Аркадий и Горячев переглянулись.
— Я покажу вам фотографии, — продолжал Олег Борисович, — на которых я снят в разное время, начиная с тридцатых годов…
У него неожиданно зачесались ладони, и он ожесточенно поскреб их ногтями.
— Я долго скрывал свое социальное происхождение. Теперь оно уже никого не пугает. Даже начальников отдела кадров. Мой отец был колчаковский офицер. Прапорщик!

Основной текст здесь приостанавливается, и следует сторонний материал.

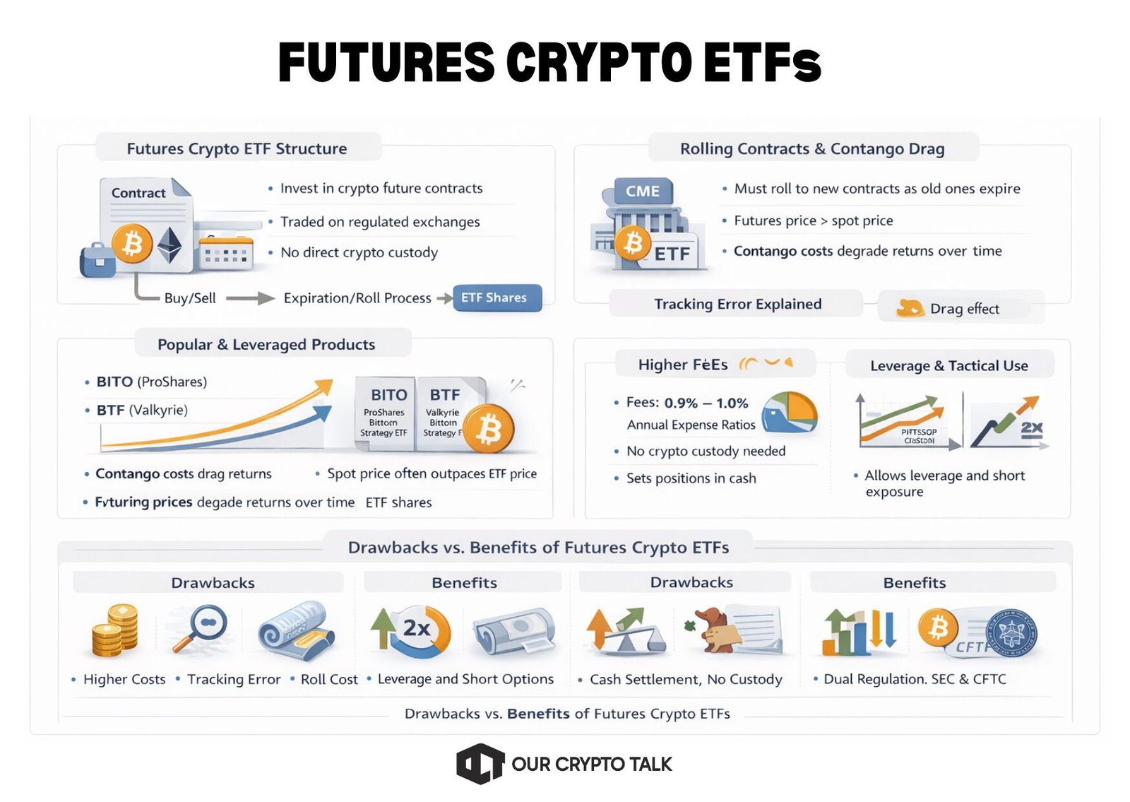 Risk profiles also diverge. Spot ETFs expose investors primarily to crypto price volatility and custody risks, which are mitigated through insured institutional storage. Futures ETFs introduce additional layers of risk, including contract pricing inefficiencies, leverage amplification, and counterparty exposure.

— Простите… Мариш, иди послушай! — крикнул Аркадий жене, собиравшей цветы: разговор обещал быть интересным. — Быстрей!
— Сейчас! — ответила она, все так же не спеша переходя с одного места на другое.
— Ее не дождешься, — сказал Аркадий.
Ему показалось, что в голубых глазах Горячева вспыхнула и тут же погасла какая-то затаенная мысль.
— Он никого не вешал, не убивал, — продолжал исповедоваться Олег Борисович. — Он был тихий человек. Интендант. По маминым рассказам, он даже красть не умел. Да и потом не научился. Еще до войны он стал главным бухгалтером рыбокомбината. Его помнят многие…
— Давеча Алексей Дмитриевич вспоминал его, — сказал Горячев. — Говорил: ни за что не подумаешь, что у Колчака служил.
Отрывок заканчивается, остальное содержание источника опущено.